Peninjauan dilakukan oleh Sekretaris Daerah Kota Bandung, Iskandar Zulkarnain bersama jajaran Dinas Lingkungan Hidup (DLH) Kota Bandung untuk melihat langsung proses kerja teknologi autothermix yang dikembangkan perusahaan tersebut.
Kepala Bidang Pengelolaan Limbah B3 DLH Kota Bandung, Salman Faruq mengatakan, teknologi tersebut saat ini masih berupa prototipe dengan kapasitas pengolahan 1 ton sampah per hari.

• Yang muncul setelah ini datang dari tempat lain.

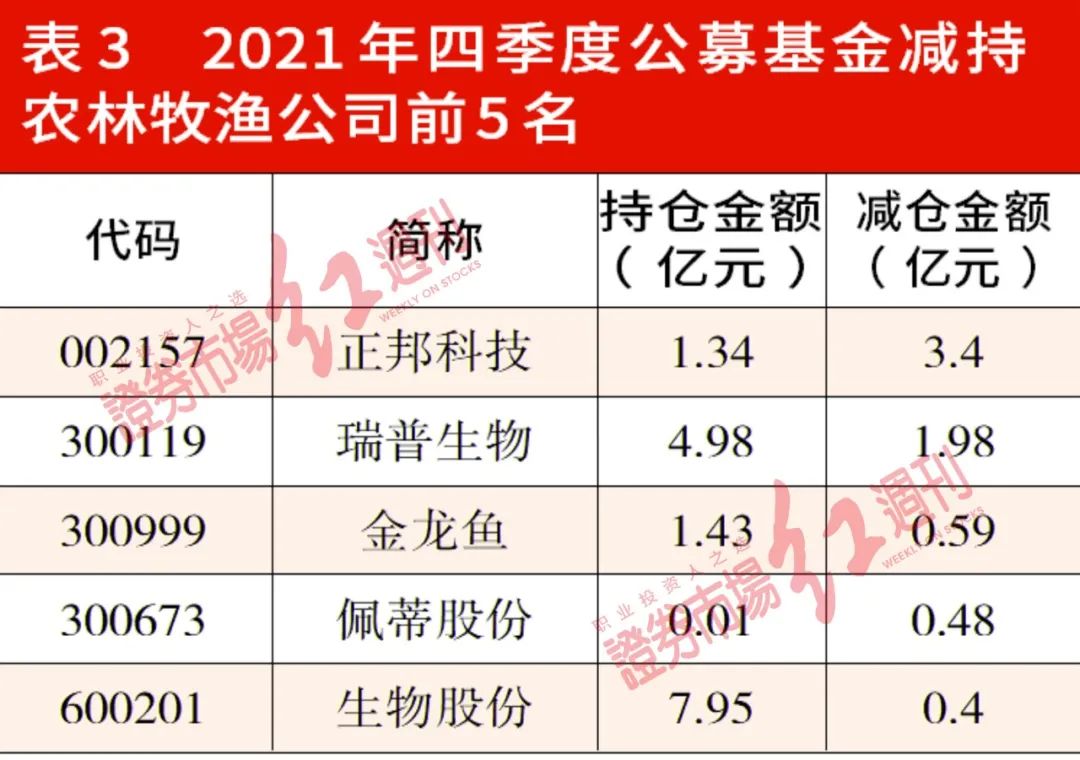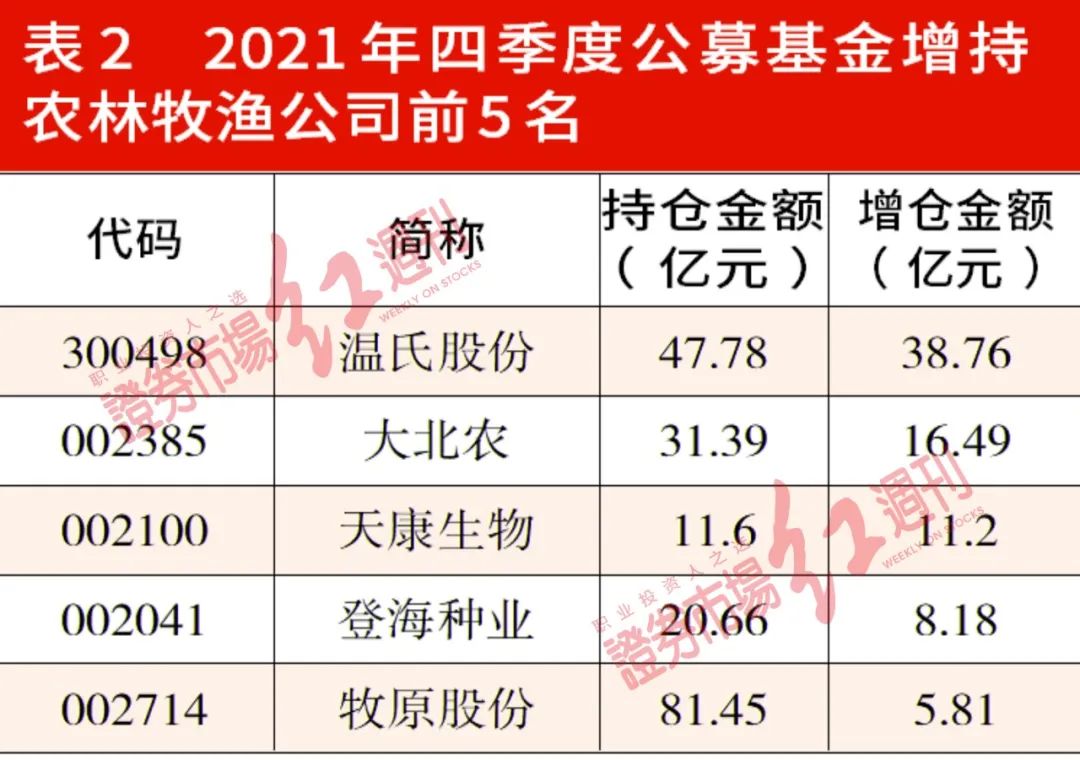 就春节前刚刚披露的公募基金2021年四季报来看,2021年四季度末,农林牧渔板块基金重仓持股市值占基金股票投资市值比为1.26%,环比提升了0.25%,在基金持仓的申万一级子行业中排名第17位,比三季度末上升一位。

“Pak Sekda melihat salah satu inovasi pengolahan dan pemusnahan sampah menggunakan autothermix. Saat ini prototipenya berkapasitas 1 ton per hari, namun harapannya bisa dikembangkan hingga 50 ton per hari,” ujar Salman, Jum’at, 8 Mei 2026.
Ia menegaskan, Pemkot Bandung belum mengambil keputusan terkait penerapan teknologi tersebut karena masih memerlukan kajian lebih mendalam dari berbagai aspek.
“Kami akan kaji lebih dalam, baik dari sisi penggunaan teknologinya, skema kerja samanya, lokasi, dan hal-hal teknis lainnya. Nanti hasilnya akan dilaporkan kepada Pak Sekda,” katanya.
Sementara itu, Direktur Utama PT Tohaan Renewable Energy Engineering, Budi Permana menjelaskan, autothermix merupakan teknologi pengolahan sampah berbasis proses termal dengan konsep minim oksigen.
Menurutnya, sistem tersebut berbeda dengan pembakaran konvensional karena lebih menitikberatkan pada proses peluruhan material sampah melalui pengendalian suhu dan kadar oksigen tertentu.
“Konsepnya menggunakan minim oksigen dengan proses termal tertentu sehingga sampah mengalami peluruhan,” ujar Budi.
Ia menyebutkan, perangkat generasi pertama teknologi tersebut telah beroperasi sejak Desember 2023 di Kabupaten Serang dan kini terus disempurnakan.
“Versi pertama perangkat kami sudah beroperasi sejak Desember 2023 di Kabupaten Serang. Sekarang yang dilakukan adalah penyempurnaan,” katanya.
Budi menambahkan, teknologi tersebut dikembangkan oleh tenaga lokal dan diharapkan dapat menjadi salah satu alternatif solusi dalam mengatasi persoalan sampah di Kota Bandung.
Pemkot Bandung memastikan, peninjauan ini menjadi bagian dari upaya mencari berbagai opsi pengelolaan sampah yang tetap memperhatikan aspek regulasi, teknis, dan lingkungan.